Now, service is ready to be used, let's compile & test it.

Test a web service

Let's run the project by hitting F5, “ http://localhost:56655/MyService.asmx” page will open which has a link for Service description (the WSDL document, documentation for web service) another link for SumOfNums, which is for test page of SumOfNums method.

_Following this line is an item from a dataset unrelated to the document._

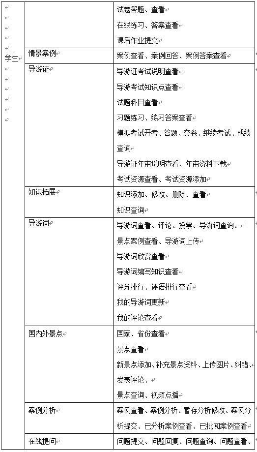 學生的(de)(de)(de)(de)主要功能(neng)是導游(you)教學知識的(de)(de)(de)(de)學習、完成(cheng)情(qing)景推(tui)理(li)中包含(han)的(de)(de)(de)(de)案例及題目、導游(you)證(zheng)考(kao)(kao)試(shi)學習及模擬考(kao)(kao)試(shi)、導游(you)拓展(zhan)知識學習,同時可添加新的(de)(de)(de)(de)知識供其他同學學習、導游(you)詞學習并編(bian)寫導游(you)詞、國內外景點(dian)學習、案例分(fen)析(xi)和在(zai)線提問。

Let's use method overloading OOP concept. Add following WebMethod in MyService class.

[WebMethod]
public float SumOfNums(float First, float Second)
{
return First + Second;
}

Hit F5 to run application, you will get Both Single SumOfNums(Single, Single) and Int32 SumOfNums(Int32, Int32) use the message name 'SumOfNums'. Use the MessageName property of the WebMethod custom attribute to specify unique message names for the methods.” error message. We just used method overloading concept, so why this error message? This is because these methods are not unique for a client application. As the error message suggests let's use MessageName property of WebMethod attribute as shown below:

[WebMethod (MessageName = "SumOfFloats")]
public float SumOfNums(float First, float Second)
{
    return First + Second;
}

Now, compile & run the application. Again it's showing some different error message “Service 'MyWebServiceDemo.MyService' does not conform to WS-I Basic Profile v1.1”. As, WsiProfiles.BasicProfile1_1 doesn't support method overloading we are getting this exception. Now, either remove this “[WebServiceBinding(ConformsTo = WsiProfiles.BasicProfile1_1)]” attribute or make it “[WebServiceBinding(ConformsTo = WsiProfiles.None)]”.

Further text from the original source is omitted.